Sunday, January 3, 2010

2009 Year End Trading Review

Here it is - the 2009 year-end trading review. I broke this into sections as I thought that would help me best organize my thoughts. I am sure I will ramble too much and get off track, but I hope it ends up somewhat readable when I get to the end of this post.

Recap of My Trading Experiences in 2009

I am going to look at my trading year in sections, the first being from January to March 6, when the market bottom. To start, this looks at only my main account, not my IRA accounts, just to be fair. With the market falling precipitously during this time, I was short with 30 trades and long with 19 (probably trying to play oversold bounces). Looking back on these trades, many were in the Proshares ETFs (SSO, SDS, QID, etc) or the real devil for me this year - FAZ, the triple inverse Financial ETF. I made a few nice trades on the short side (MR - 1/2 and 1/7, ACM - 1/29, and ITRI - 2/27) but really at this point all I did was chop my account up with many small losses and a few small gains. Staying away from the ETFs would have likely helped a lot - perhaps overconfidence from a good 2008 hurt here.

The second section of the year I want to look at is from March 6 through May 4, which was the bottom and first thrust up for this market move. Quite possibly the most important trade I made all year was on March 6, when I entered FAS at $2.88 (it has since has a reverse split so the chart prices will look different now). Here's what I wrote at the time - I made a very small trade today in FAS near the open - entered at $2.88. I kind of expected another one-day bounce today, so I took a chance with a tight stop. I was stopped out a little later at $2.81 with a loss but the position was so small it didn't bother me. The fact that we once again sold off a rally attempt did bother me. And the fact that it still didn't lead to a selling crescendo is disappointing. Perhaps we won't ever get that washout. Perhaps just too many people are expecting it, waiting for it. Perhaps this painful grind lower is exactly what Mr. Market has in store for us. I hope not, but I don't know what to think anymore.

Anyway, as I look back, that was a long put on at the exact bottom of the market, but I was stopped out and from there fought the trend up, going short 25 times between March 6 and May 4 and long only 7 times. This stretch really defined my trading year I believe, as this is where my confidence was shaken and I really started to experience a drawdown. I also played around with the inverse ETFs here way too much and was chopped around mightily by them, not only hurting my account but also likely my psyche. I wonder if that one FAS position put on right at the bottom had worked out right away, would my year have turned out differently? Perhaps not, but it is something I will continue to think about.
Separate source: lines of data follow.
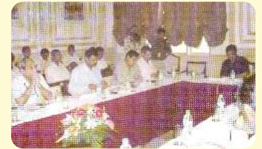
Security and Resilience Summit - Securing the City of Dreams

The summit platform was the first to see the plans the Mumbai Police had put into place following the 26/11 attacks. Following this, experts from across the world gave their opinions on what changes could be introduced to the plan in order to ensure maximum security. Experts included representatives from the US, UK, UN, London First, Bank of England and Counter Terrorist groups from a number of countries.
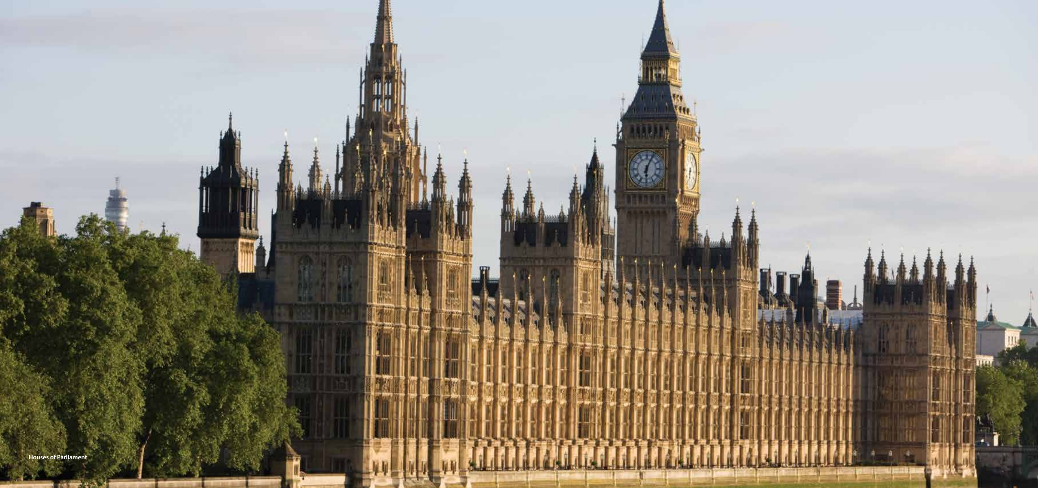
Houses of Parliament
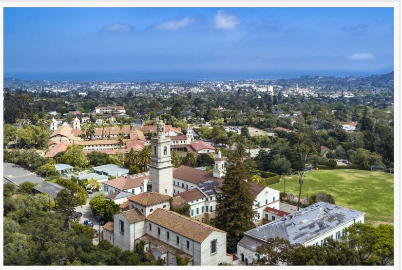
Formerly part of the Santa Barbara Mission and a designated historical landmark

Structures on the property include the over 40,308± square-foot Grand Main building, Gymnasium, Chapel and Bell Tower, Arts and Sciences Building, Workshop, and Library/Dining Hall all totaling close to ±130,000 square
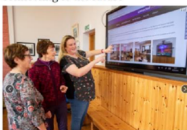
Historical hall in Killurney is connecting to the future

The Tipperary BCP Network - Project Activities Planned for 2022 include;
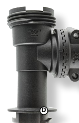
WL 41137-00 Swivel End Nozzle Body w/o nut for PWM solenoid (not included) Adjustable in 15° increments for fence-row spraying
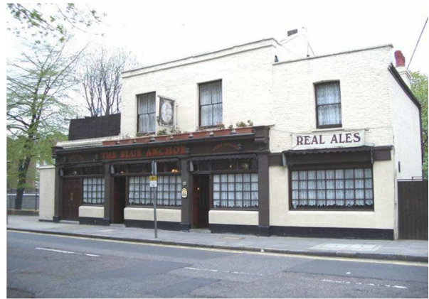
The Blue Anchor 2004

the other closed Bromley pubs I could still visualise and put them into the list below: in the order they came to mind.
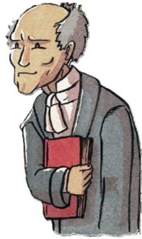
Chief Justice Francis Forbes
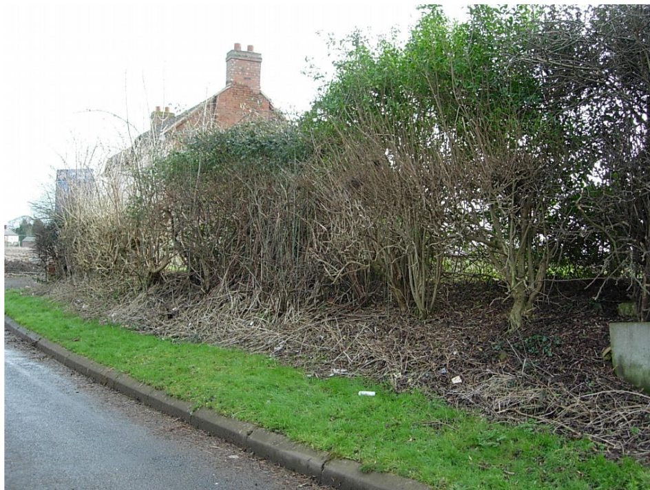
(10) Existing hedgerow on Barton Road needs replacing with Carlton Stone wall
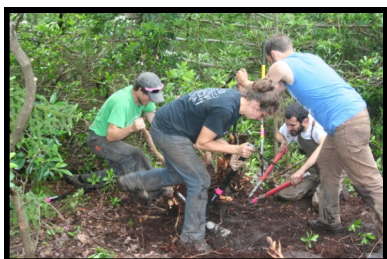
Trail Crew Leader and Volunteers built water diversions, turnpikes and removed stumps
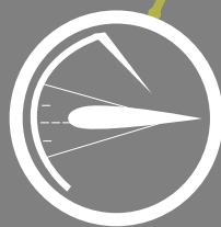
Angle of Attack
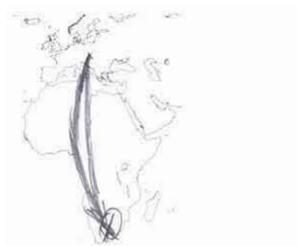
Figure 3: Example of the wrong answer on the route of storks.

The correct route of stork was drawn by 13 % of students. The storks migrate over the land, not over the seas and the oceans. The majority of routes were over the seas as it is possible to see in the figure 3. Some students finished the route of storks in North Africa.
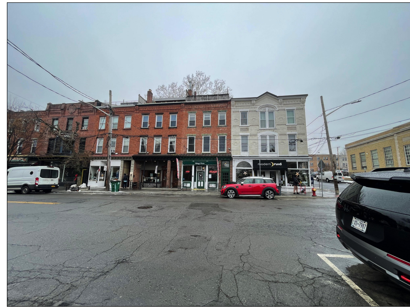
C OPP STRUCTURE (WEST)

The third section I want to look at starts from May 5 and goes to July 27. I made a total of zero trades in my main account during this time. That's right - zero. In hindsight, it was probably a good thing because all the market did during this time is move sideways, but I think I was more frustrated than anything else and wanted a little break. Going almost three months without making a trade was a long time but I think it will help me in the long run - more on that later.

The last section I want to look at goes from July 27 to the end of the current year. During this time, I made 32 trades on the long side and only 10 on the short side. I jumped back into the market on July 27 with trades in ININ, CPSL, LCRD, and most importantly, BEXP (around $4.37). This is another trade that really defines my year, as I was stopped out the next session after setting a stop that was too tight (basically scared of taking a loss - psychological wounds from March to May). BEXP is now trading at $13.55. Would I have held the whole way? Probably not. But missing a big winner right after stepping back in and watching it run without me was not easy to take.
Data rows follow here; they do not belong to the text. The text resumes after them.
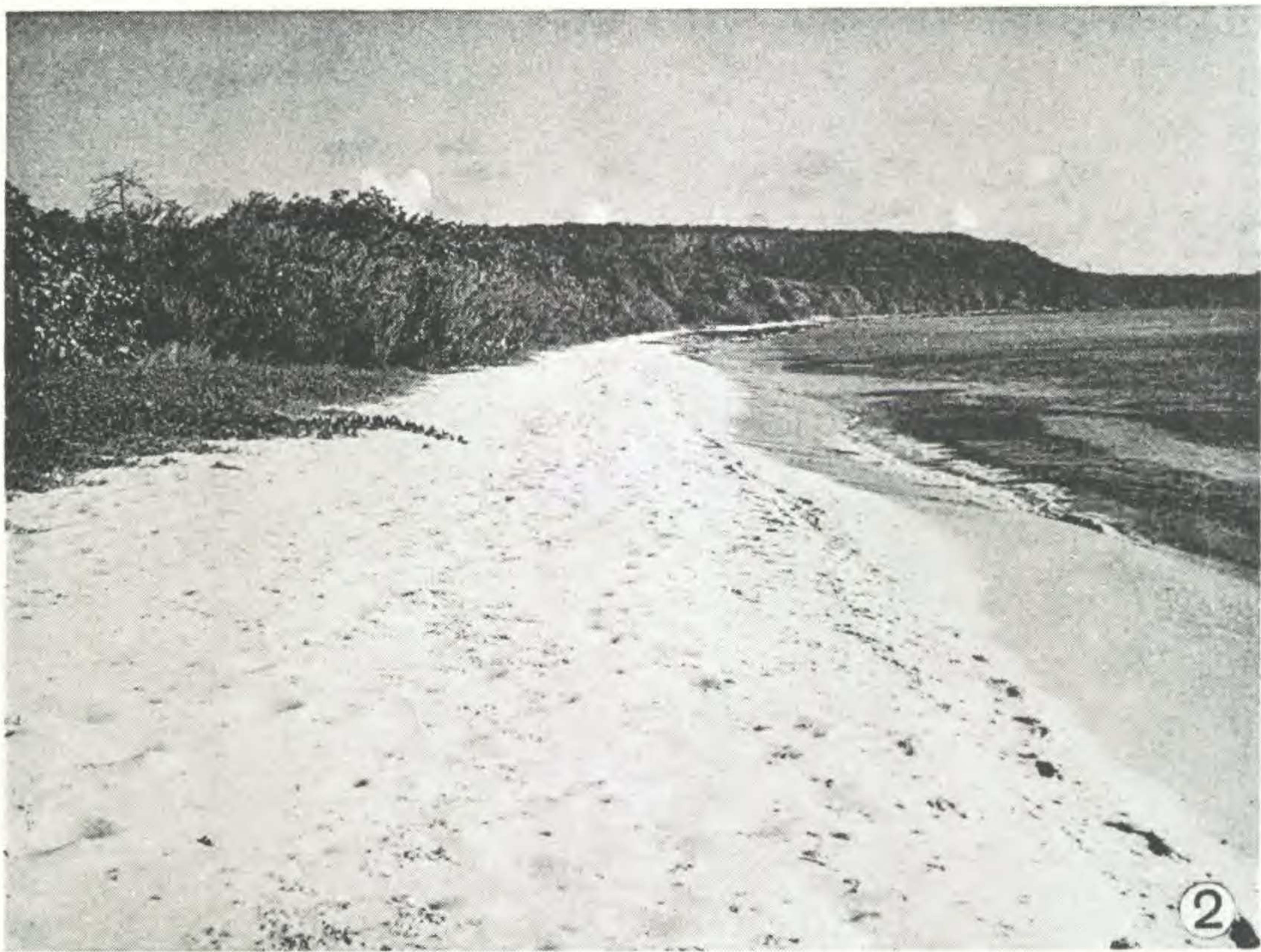
HOWARD, VEGETATION OF BEATA AND ALTA VELA
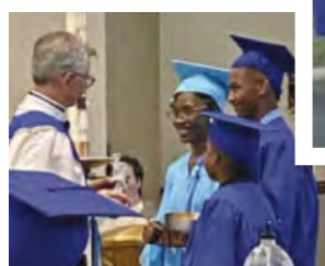
Saint George Graduation 2023. May God bless our graduates!!
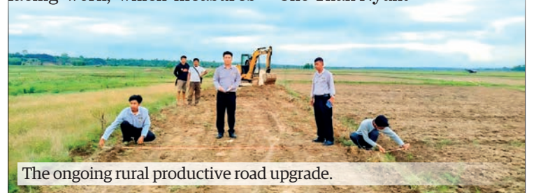
The ongoing rural productive road upgrade.

The infrastructure project is being executed with an allocated fund of K26 million, through a collaborative effort between engineers from the Township Rural Development Department and local villagers. To date, approximately 30 per cent of the overall project has been completed. — Cho Than Nyunt
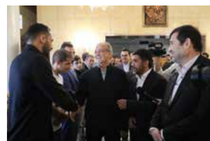
Iranian President Masoud Pezeshkian shakes hands with wrestlers at a ceremony held in Tehran on September 30, 2025 to honor the national freestyle and Greco-Roman wrestling teams for their recent world championship victories.

"They want to force us to submit to base and vile people, but even imagining that has no place in my mind," Pezeshkian

From there, I did trade mostly long as the stats above show (so all those of you that think I am an uber-bear, there you go), but really didn't have much to show for it. The big money this year was likely made from March to May, and after that I think the market became extremely difficult to swing trade for more than a few days at a time as historical technical analysis started to become much less reliable and patterns became much more volatile and choppy. More on this in a little bit as well.
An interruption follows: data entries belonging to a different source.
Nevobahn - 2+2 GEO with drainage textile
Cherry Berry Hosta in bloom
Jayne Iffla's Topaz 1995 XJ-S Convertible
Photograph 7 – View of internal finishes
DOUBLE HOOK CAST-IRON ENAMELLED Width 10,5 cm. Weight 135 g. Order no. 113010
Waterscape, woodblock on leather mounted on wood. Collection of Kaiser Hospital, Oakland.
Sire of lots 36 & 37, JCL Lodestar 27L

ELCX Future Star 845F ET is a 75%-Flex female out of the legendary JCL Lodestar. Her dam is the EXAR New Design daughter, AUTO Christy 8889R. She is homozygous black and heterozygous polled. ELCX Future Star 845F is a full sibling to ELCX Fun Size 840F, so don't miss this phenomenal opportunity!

So overall, take a little early overconfidence, mixed in with playing with fire via the ultra ETFs, and mix in misplaying the main move of the year, and you definitely have a recipe for trouble, which is what I had in 2009. My main account took a large drawdown (over 20%) after being up 90% in 2008. I guess it happens to all traders at some point, but it certainly wasn't a fun year for me trading. Now, I have had a lot of other important life events occur this year as well (adding a second child to the family, moving to a new house) and I do think those contributed at least slightly to the struggles I had - time became much more difficult to come by and the work that goes along with trading sometimes took a backseat to other things. However, in the end, I have to overcome those and simply trade better next year and that is what I hope to do.

Lessons from 2009

It was certainly a good year for the market from a percentage gain standard, but from where I sit, it was kind of a weird year as well. We saw a bottom that in hindsight did not have massive volume (check out the Nasdaq in early March), no new highs on the VIX (not even close), and no historically oversold readings. Readings were much more severe back in October of 2008, but the bottom occured in March and it is what it is. In addition, many times this year, we saw the market move up on low volume, sell off on heavy volume and break support levels, only to keep moving higher on low volume and repeat the process.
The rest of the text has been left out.